I need some help from some of you GI coders, please.
It's my understanding, and always has been, that whenever GI CPT codes are considered bundled, (NCCI edits), and the documentation supports the services, you would initally append a overriding modifier (59) on the second CPT code. Which would have a lower RVU than the primary CPT code.
However, I am now told, (after all these years) that it is not true, if you have a primary CPT code, and it is bundled with another code on the same claim, you would put a modifier 59 on the primary code.
Honestly, never heard of that! Could someone shed some light on this for me? I have someone telling me that everything I have taught her is wrong.
 
bundling issues

You Can't just go by the Dollar amount value - Review the CCI edits and if it is a column two code that is the code that is applied the "59" or appropriate modifier -We are having an issue where Dilation and biopsies are being denied as "Rebundling" heard of that one?
 
We no longer use 59 for most procedure. We use the new modifier XS and document the area of where the separate sites are. But you would put the modifier on what is listed under the 2nd column.
 
I know about the new modiifers, I use them daily.
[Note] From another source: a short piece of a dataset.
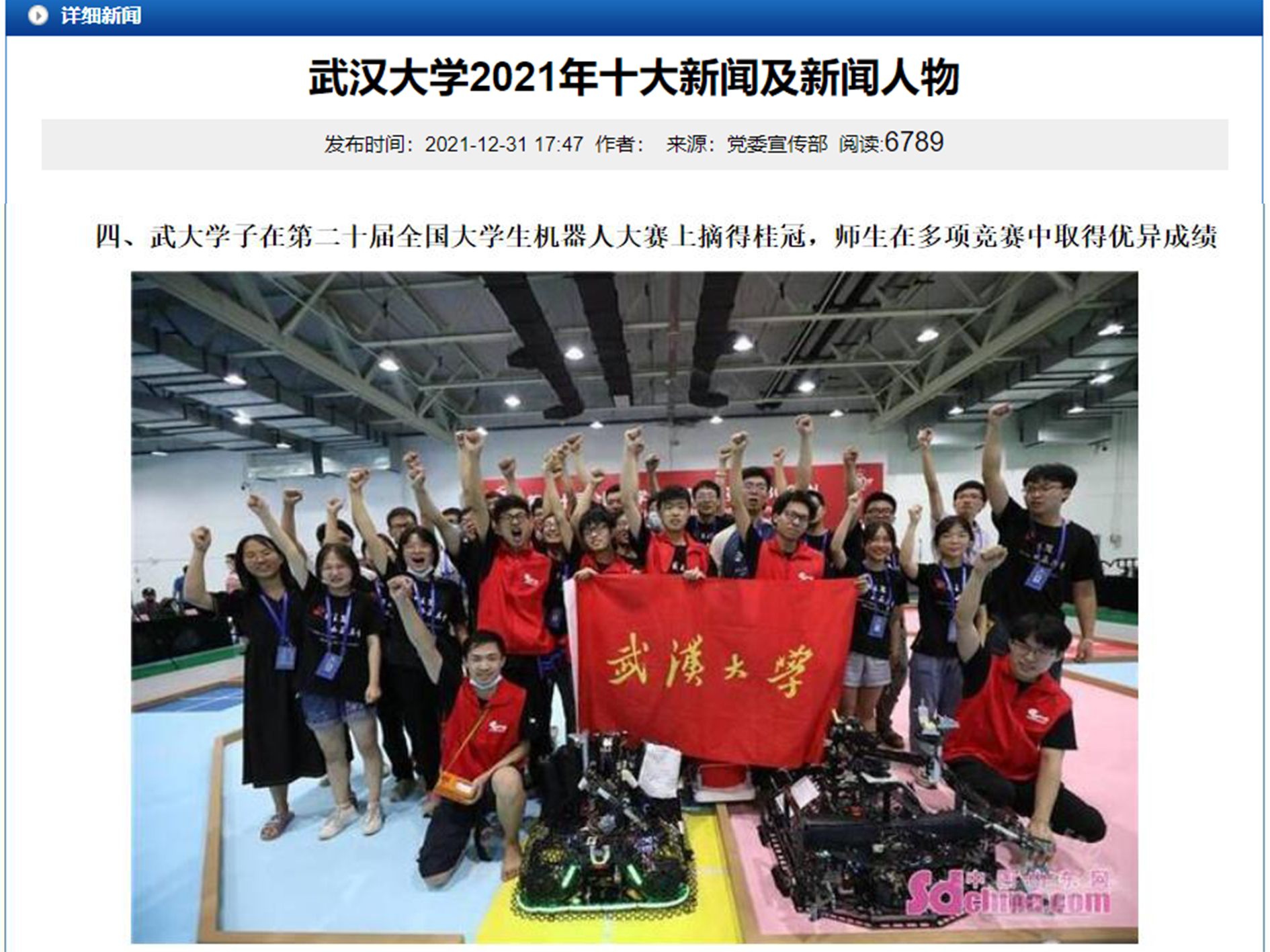 过去一年,杏吧 分团委以先进典型为引领,充分挖掘优秀素材,广泛宣传引导,凝聚榜样力量。2018级四个全寝保研宿舍推送登上学校官方微信平台,机器人队获奖的报道当选学校年度十大新闻,团属新媒体宣传力度排行全校第三。举办科技创新活动表彰大会、科研双选会,报道全国大学生自强之星雷舒婷,化榜样为力量,构建优良学风。2021年,机器人队夺得全国机器人大赛冠军,并代表中国在世界赛上获得最高荣誉奖;此外,动机学子在互联网+、节能减排等大赛中也都获得了优异的成绩。

I found out the person that told the physician that I was wrong, was wrong herself. This has been resolved, thank you everyone for your imput.
 
dilation & biopsies bundling

We too are having a HUGE issue with the biopsies bundling with dilation! The payer (which is one of our largest carriers in our area) is quoting a variety of resources from CPT & CMS that don't specifically address the 43239 with 43249 but also includes this statement:
''If a biopsy is performed and submitted for pathologic evaluation that will be completed after the more extensive procedure is performed, the biopsy is not separately reportable with the more extensive procedure.''
They are considering the dilation the more extensive procedure.

You Can't just go by the Dollar amount value - Review the CCI edits and if it is a column two code that is the code that is applied the "59" or appropriate modifier -We are having an issue where Dilation and biopsies are being denied as "Rebundling" heard of that one?